Last week was painful for retail stocks. Earnings misses from the likes of Macy's, Nordstrom and Gap sent those respective stocks plunging, fueling broader fears about the health of the U.S. consumer and the economy.

With that backdrop, investors were bracing for the worst on Friday, when the government was due to release the monthly retail sales report. Yet, lo and behold, the Commerce Department reported that retail sales actually surged April.

In fact, the 1.3% increase in April was the fastest pace of growth in more than a year.

With these mixed messages, it's easy for an investor to get confused about the outlook for retailers. Are things rosy or are things gloomy?

Retail Sales Growth (month-over-month)

Department Stores Struggle, Overall Sales Solid

The answer to that question largely depends on what type of retailers we're talking about. There's no question that department stores―like the aforementioned Macy's and Nordstrom―are doing poorly.
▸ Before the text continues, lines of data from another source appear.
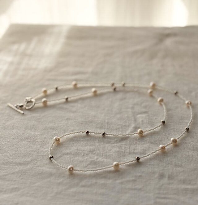 とても素敵パールの間にかキラキラが2個顔が明るくなりますネ。50センチとは、雰囲気がまた違いいいです。もちろんピアスもお気に入りです。ありがとうございます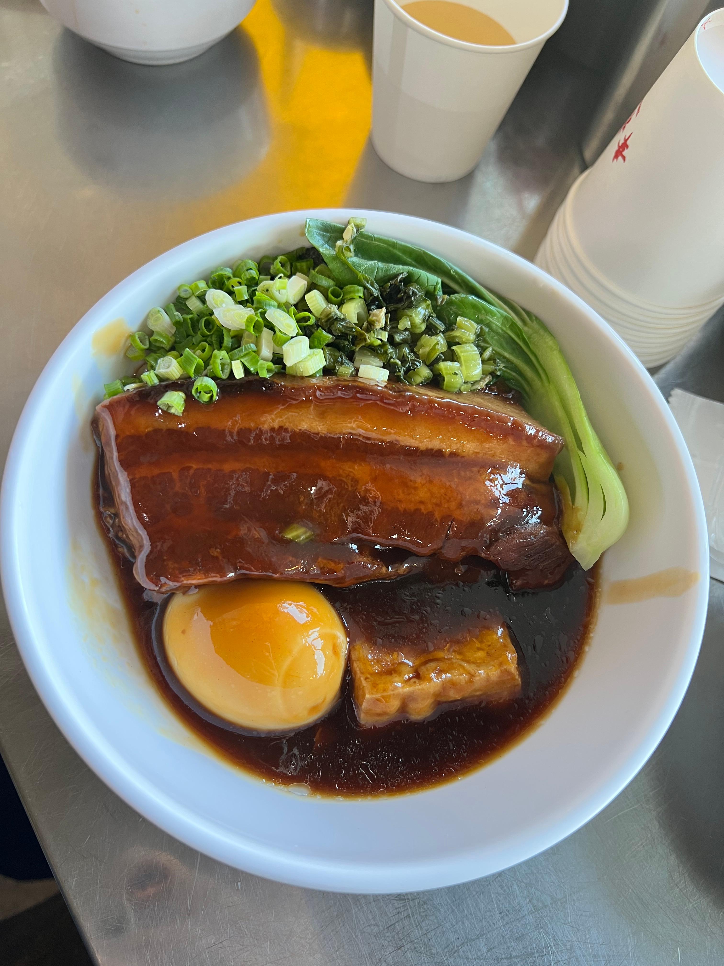 루러우판은 대만식 오향장육 덮밥을 일컫는데 대만 현지에서 제일 맛있게 먹었던 음식이 바로 이 루러우판이다. 대만에서 나의 입맛을 사로잡았던 루러우판은 족발이 올라가 있었는데 싱푸미엔관의 루러우판에는 맛있게 졸여진 삼겹살이 올라간다. 반숙 계란과 두부가 함께 들어가 있어 단백질도 같이 챙기고 좋다.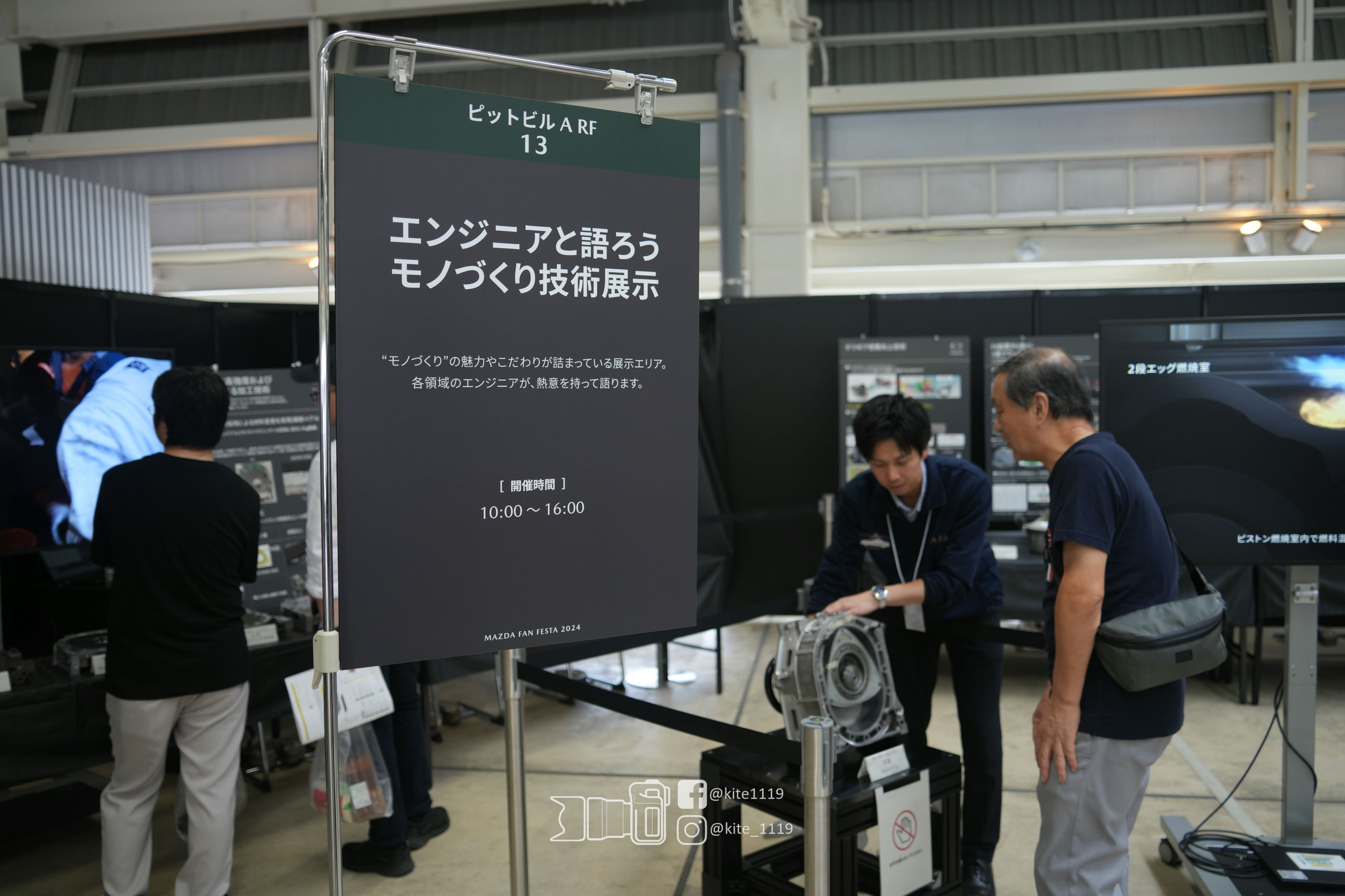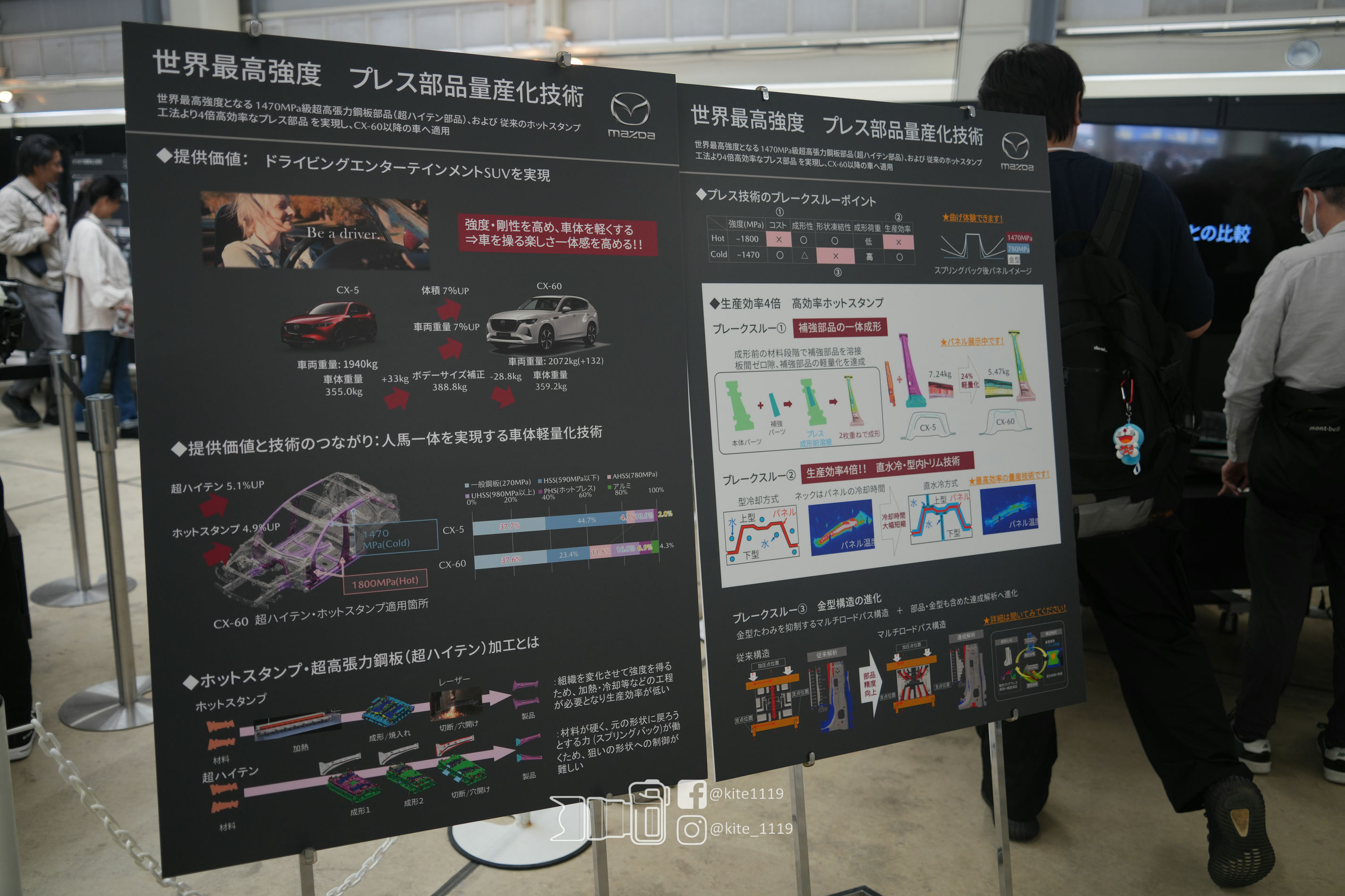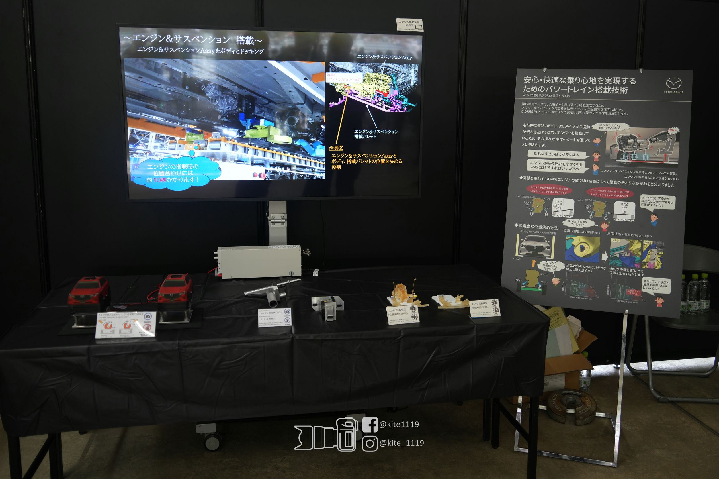 在這次活動內容裡面,有一大塊展示區解說目前Mazda的造車科技有哪些,而且解說的技術人員都是參與該項目的開發打造的人員來進行解說。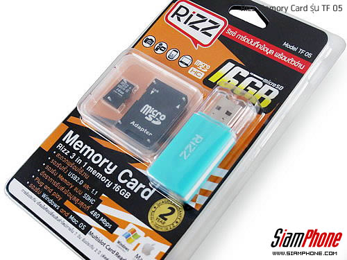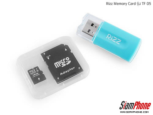 Rizz Memory Card รุ่น TF 05 เมมโมรี่การ์ดบันทึกข้อมูลรุ่นความจุ 16GB สำหรับใช้เก็บไฟล์งานเอกสาร,บันทึกรูปภาพ, เพลง, หนัง และอื่นๆ โดย Rizz Memory Card รุ่น TF 05 อ่าน-เขียนข้อมูลแบบ Hi-Speed ทำความเร็วในการอ่านได้สูงสุด 40MB/sec ผู้ใช้สามารถนำเอาการ์ดรุ่นนี้ไปใช้งานร่วมกับอุปกรณ์อื่นๆ ได้ อาทิ โทรศัพท์มือถือ, แท็บเล็ต, เครื่องเล่น MP3, กล้องดิจิตอลที่รองรับ Micro SDHC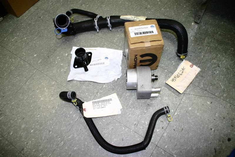 Ещё летом установил маслянный ШТАТНЫЙ теплообменник, который предусмотрен на двигатели HEMI 5,7 и 6,1 в жарких странах, а так же устанавливался на полицейские чарджеры! С 2012 их стали ставить на все HEMI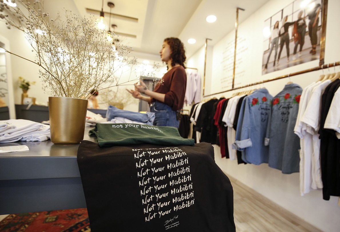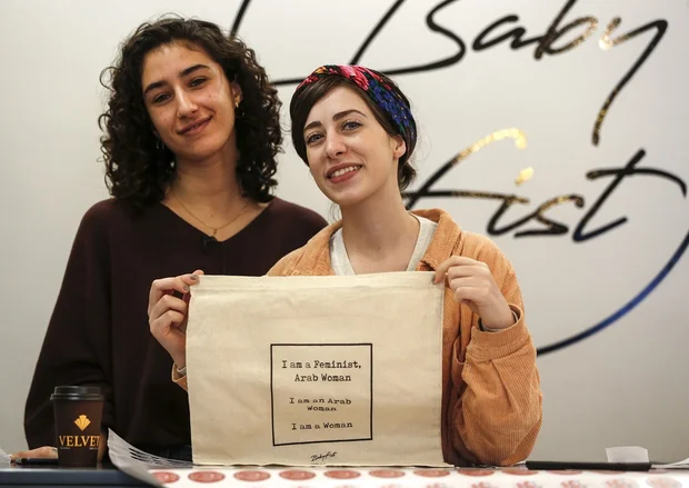 Les habits qu’elle dessine pour sa marque BabyFist veulent « redonner confiance aux femmes ». Sur des tissus plutôt sobres et des sacs en toile, des messages en arabe et en anglais sont inscrits au milieu de dessins de fleurs et de silhouettes : « Chaque rose a sa révolution », « La voix des femmes déplace la montagne »...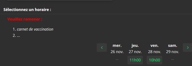 Instructions supplémentaire (Prise de Rendez-vous en Ligne)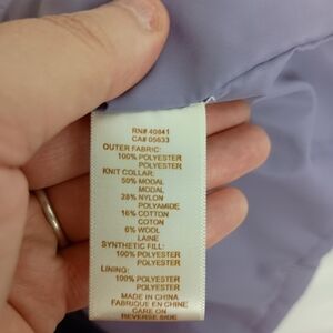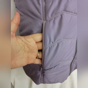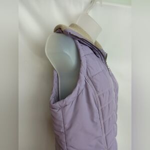 Chic quilted vest in lavender. Features a stylish tan collar. Ideal for layering.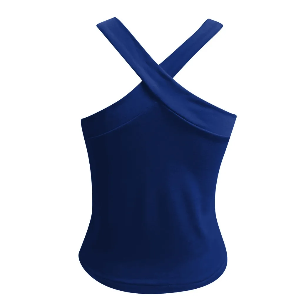 Женская Сексуальная Пляжная мода крест без рукавов сплошной жилет блузка полые рубашки топы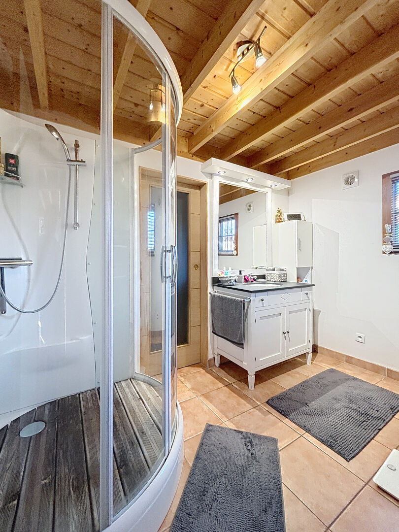 Le coeur de la maison s'articule autour d'une belle pièce de vie avec cuisine ouverte, prolongée par une véranda de 24 m², véritable extension de l'espace de vie, idéale en toute saison. Une salle d'eau avec dressing complète le RDC.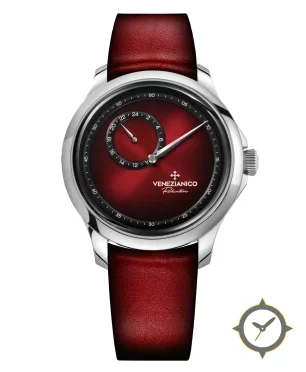 Eine Dress-Uhr mit einem 37mm Gehäuse im Vintage-Stil gefertigt aus Edelstahl mit einem Zifferblatt in karmesinrot und einer besonderen "sunburst (ombré gradient)"-Oberfläche.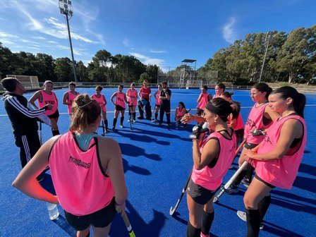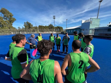Las jugadoras de Sarmiento, en hockey, realizaron una práctica especial en CARP de CABA

According to the latest Commerce Department figures, sales in that category were down 1.7% from a year ago in April.

However, aside from department stores, electronic stores and gasoline stations, retail sales are doing just fine. Overall sales were up by 2.7% year-over-year in April, with one category in particular leading the charge―online.

Online sales were up a whopping 10.2% from a year ago in April.

Online Sales Steadily Growing

Of course, this trend is nothing new. Consumers have been gravitating toward doing more of their shopping online for years now.

According to the Commerce Department, total e-commerce sales in 2015 were $341.7 billion, which represents 7.3% of total sales. That's up from $91 billion, or 2.5% of total sales, in 2005.

Most analysts believe that e-commerce sales will continue to grow by double-digit percentages annually, gaining market share at the expense of brick-and-mortar sales.